The new OVS_CT_ATTR_HELPER attribute of the ct action specifies a helper
to be used for this connection.
Example ODP flows allowing FTP connections from ports 1->2:
in_port=1,tcp,action=ct(helper=ftp,commit),2
in_port=2,tcp,ct_state=-trk,action=ct(),recirc(1)
recirc_id=1,in_port=2,tcp,ct_state=+trk-new+est,action=1
recirc_id=1,in_port=2,tcp,ct_state=+trk+rel,action=1
Signed-off-by: Joe Stringer <[email protected]>
---
v2-v3: No change.
v4: Change error code for unknown helper ENOENT->EINVAL.
---
include/uapi/linux/openvswitch.h | 3 ++
net/openvswitch/conntrack.c | 109 ++++++++++++++++++++++++++++++++++++++-
2 files changed, 110 insertions(+), 2 deletions(-)

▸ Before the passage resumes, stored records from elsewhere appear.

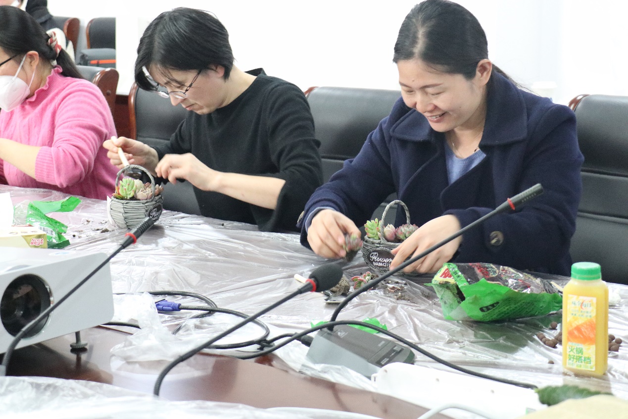 选择插花的教师们,在园艺师的指导下,手持剪刀,细致修剪着鲜嫩的花枝、调试高低、小心插入花泥,直至完成。而种植多肉的老师们,则小心地将花泥装入花盆,通过压、挪、定位,尽可能地调整到最佳造型,看似娇嫩的鲜花、多肉,在老师们的手中,很快变身成一个个春意盎然、独具匠心的花篮,或一盆盆生机勃勃、出挑俊秀的多肉组合。老师们一边欣赏着自己的作品,不时和自己邻座的同伴交流着,赞美着。热闹而简单的花艺摆弄和多肉种植,为繁忙的工作平添一丝休闲时光,祝所有的女性教师们节日快乐。
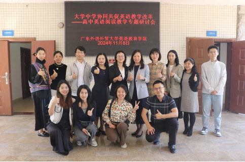 2024年11月8日,SUNBET申博于大学城校区八角楼报告厅和教学楼F209举办了大学中学协同共促英语教学改革——高中英语阅读教学专题研讨会。深圳外国语公司高级教师,SUNBET申博研究生校外导师梁洁文带领10名梁洁文名师工作室骨干成员参与此次研讨会。英教公司副经理张倩、党委副书记罗诞铖、师范系主任谢剑萍、副教授吕琳琼、贾红霞、蔡任栋等出席会议。
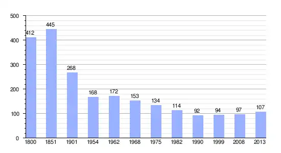Los datos demográficos contemplados en este gráfico de la comuna de Jours-en-Vaux[4] se han cogido de 1800 a 1999 de la página francesa EHESS/Cassini, y los demás datos de la página del INSEE.[5]
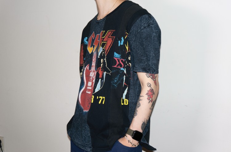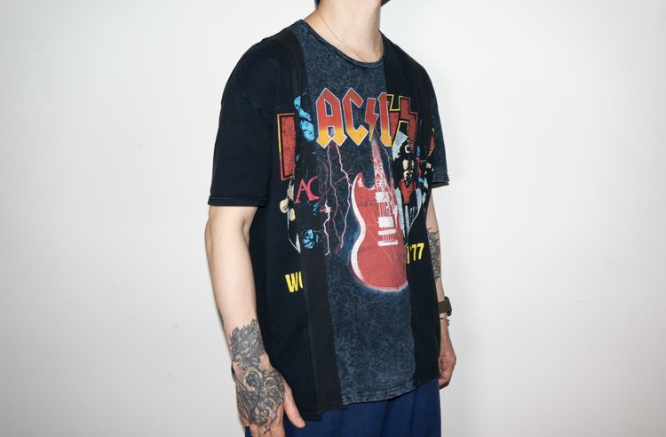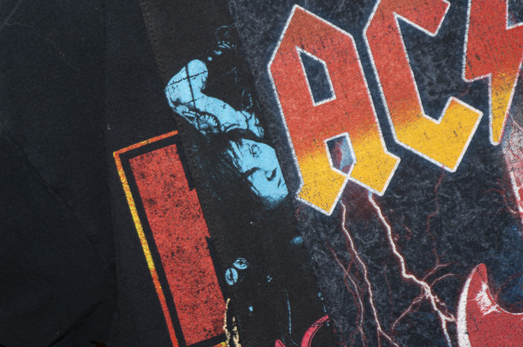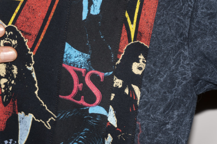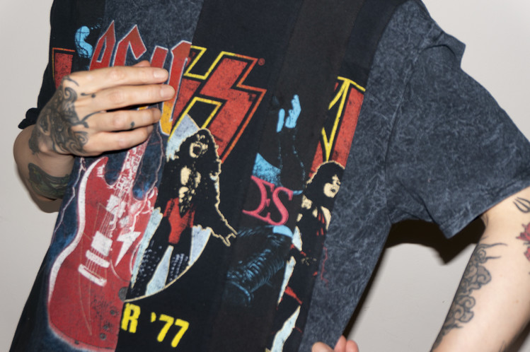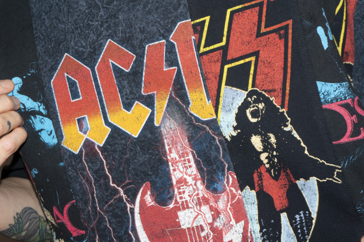 하드락 밴드인 ACDC, KISS, 그리고 이모(Emo)밴드 Black Veil Brides의 빈티지 티셔츠의 조각들로 믹스 되었으며, 양쪽에 적절한 밸런스의 차이를 두어 완성 되었습니다.
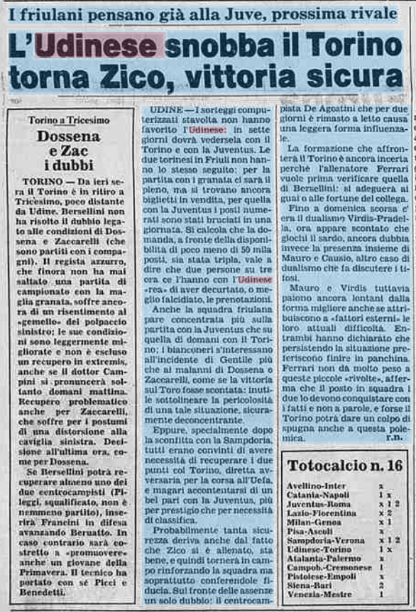 L'Udinese snobba il Torino e pensa già alla Juve. Torna Zico, è il 2 dicembre 1983.
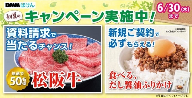 本キャンペーン期間中、①「DMMほけん」の〈死亡保険〉、〈引受基準緩和型死亡保険〉の資料を請求された方の中から抽選で50名様に【松阪牛ギフト券(税込10,000円)】を、さらに、②「DMMほけん」の〈死亡保険〉、〈引受基準緩和型死亡保険〉に新規にご契約いただいた方には、もれなく【食べる、だし醤油ふりかけ 50g】をプレゼントします。
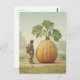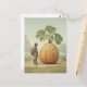 Une oeuvre d'art surréaliste et fantaisiste mettant en scène un jeune voyageur debout en émerveillement devant un énorme citrouille aux feuilles verts vibrants qui jaillissent de son sommet. Situé dans un paysage de campagne onirique, cette scène imaginative mêle imaginaire, nature et aventure. Parfait pour les amateurs de design unique, original et artistique, cette pièce fait une impression murale accrocheuse ou un cadeau créatif.

diff --git a/include/uapi/linux/openvswitch.h b/include/uapi/linux/openvswitch.h
index 9d52058..32e07d8 100644
--- a/include/uapi/linux/openvswitch.h
+++ b/include/uapi/linux/openvswitch.h
@@ -626,6 +626,7 @@ struct ovs_action_hash {
* @OVS_CT_ATTR_LABEL: %OVS_CT_LABEL_LEN value followed by %OVS_CT_LABEL_LEN
* mask. For each bit set in the mask, the corresponding bit in the value is
* copied to the connection tracking label field in the connection.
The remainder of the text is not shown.